Collected data -
· · · · · · ·

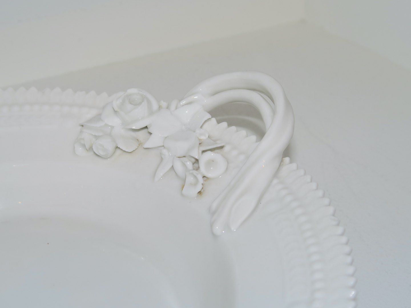Royal Copenhagen White Flora Danica, large dish with handle.
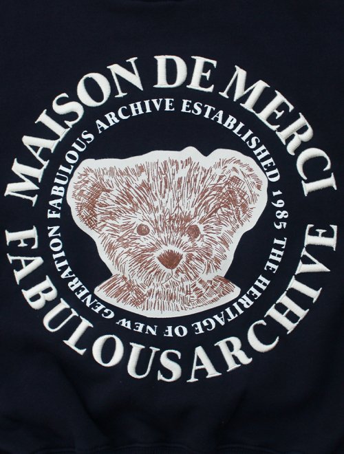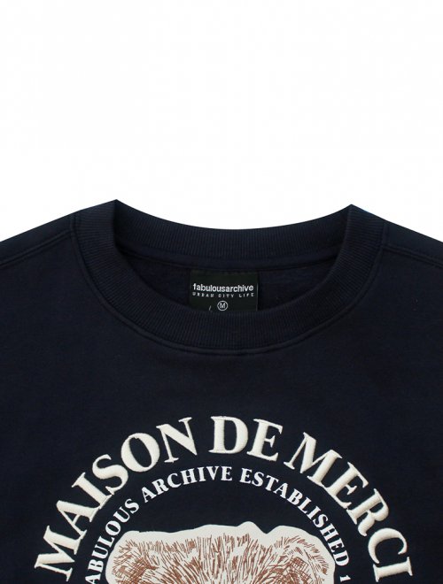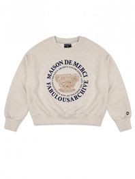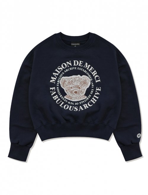 [기모선택]우먼즈 크롭 베어프렌즈 엠보자수 맨투맨 오트밀네이비(FCB3TS355W)
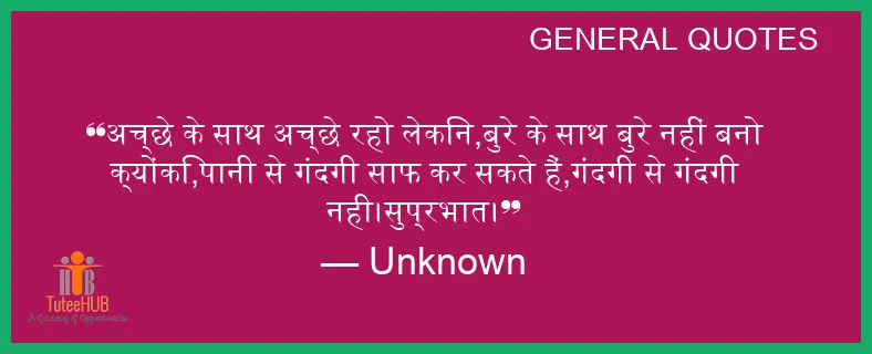 अच्छे के साथ अच्छे रहो लेकिन,बुरे के साथ बुरे नहीं बनो क्योंकि,पानी से गंदगी साफ कर सकते हैं,गंदगी से गंदगी नही।सुप्रभात।
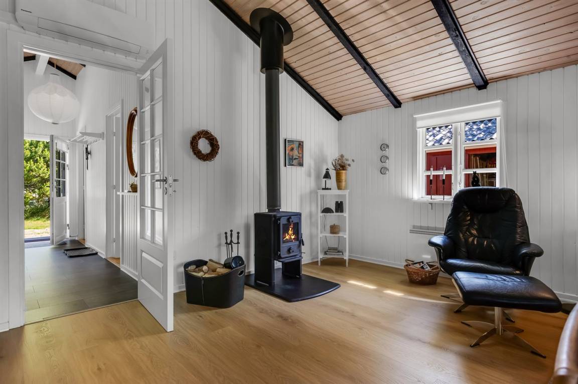 EinrichtungDas Ferienhaus eignet sich für 4 Personen. Die Ferienunterkunft hat eine Wohnfläche von 68 m² und wurde 1986 gebaut. 2013 wurde die Ferienunterkunft teilweise renoviert. Haustiere dürfen nicht mitgebracht werden. In der Ferienunterkunft ist eine energiesparender Luft zu Luft Wärmepumpe installiert. Die Ferienunterkunft ist mit Waschmaschine ausgestattet. Wäschetrockner. Tiefkühlmöglichkeit mit 130 Liter Nutzinhalt. Es gibt außerdem einen Kaminofen. Für die jüngsten Feriengäste ist 1 Kinderhochstuhl vorhanden.

· · · · · · ·

What this task involves - Write out the listing again word for word, but without its pictures.

Response area -
Royal Copenhagen White Flora Danica, large dish with handle.
 [기모선택]우먼즈 크롭 베어프렌즈 엠보자수 맨투맨 오트밀네이비(FCB3TS355W)
 अच्छे के साथ अच्छे रहो लेकिन,बुरे के साथ बुरे नहीं बनो क्योंकि,पानी से गंदगी साफ कर सकते हैं,गंदगी से गंदगी नही।सुप्रभात।
 EinrichtungDas Ferienhaus eignet sich für 4 Personen. Die Ferienunterkunft hat eine Wohnfläche von 68 m² und wurde 1986 gebaut. 2013 wurde die Ferienunterkunft teilweise renoviert. Haustiere dürfen nicht mitgebracht werden. In der Ferienunterkunft ist eine energiesparender Luft zu Luft Wärmepumpe installiert. Die Ferienunterkunft ist mit Waschmaschine ausgestattet. Wäschetrockner. Tiefkühlmöglichkeit mit 130 Liter Nutzinhalt. Es gibt außerdem einen Kaminofen. Für die jüngsten Feriengäste ist 1 Kinderhochstuhl vorhanden.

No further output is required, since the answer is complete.